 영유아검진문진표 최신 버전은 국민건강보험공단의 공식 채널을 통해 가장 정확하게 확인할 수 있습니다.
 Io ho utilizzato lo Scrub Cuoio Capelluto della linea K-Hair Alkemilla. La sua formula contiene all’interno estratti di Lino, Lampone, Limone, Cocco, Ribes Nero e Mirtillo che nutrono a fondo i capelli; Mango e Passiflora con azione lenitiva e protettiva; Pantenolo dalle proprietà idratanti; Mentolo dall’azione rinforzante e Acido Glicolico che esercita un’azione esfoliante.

==

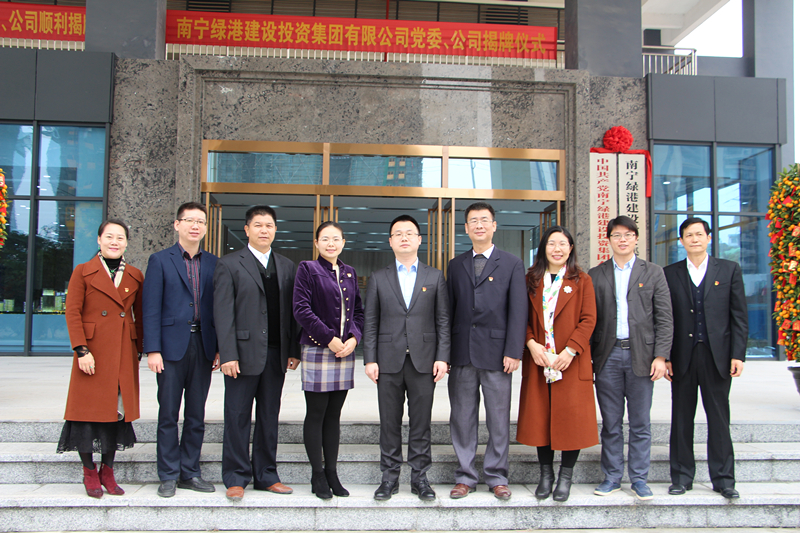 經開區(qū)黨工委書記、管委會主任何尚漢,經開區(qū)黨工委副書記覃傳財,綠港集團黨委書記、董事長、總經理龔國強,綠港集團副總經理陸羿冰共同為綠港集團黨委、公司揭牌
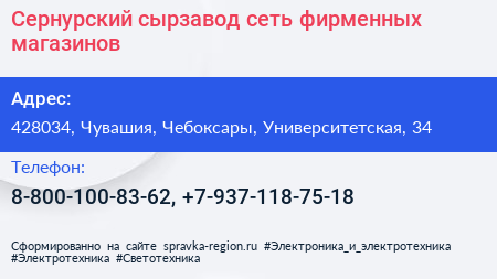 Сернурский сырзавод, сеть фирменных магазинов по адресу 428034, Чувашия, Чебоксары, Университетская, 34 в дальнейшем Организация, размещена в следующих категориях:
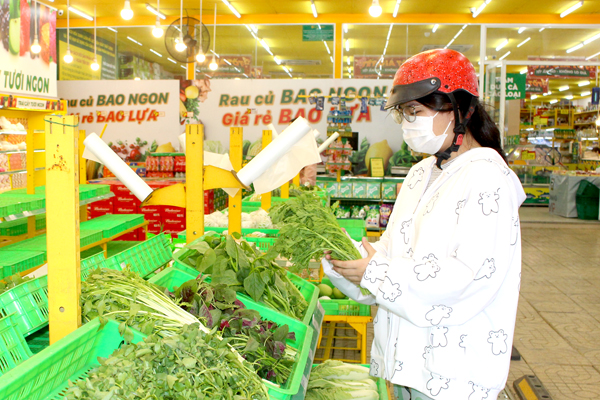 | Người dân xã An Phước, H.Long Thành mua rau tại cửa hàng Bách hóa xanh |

(WORK TASK): Look above for the line with "Сернурский сырзавод, сеть"; quote it and every line after it, stopping after the line with "Bách hóa xanh |", exactly, with nothing added and without pictures.

(RESULT OF THE TASK):
 Сернурский сырзавод, сеть фирменных магазинов по адресу 428034, Чувашия, Чебоксары, Университетская, 34 в дальнейшем Организация, размещена в следующих категориях:
 | Người dân xã An Phước, H.Long Thành mua rau tại cửa hàng Bách hóa xanh |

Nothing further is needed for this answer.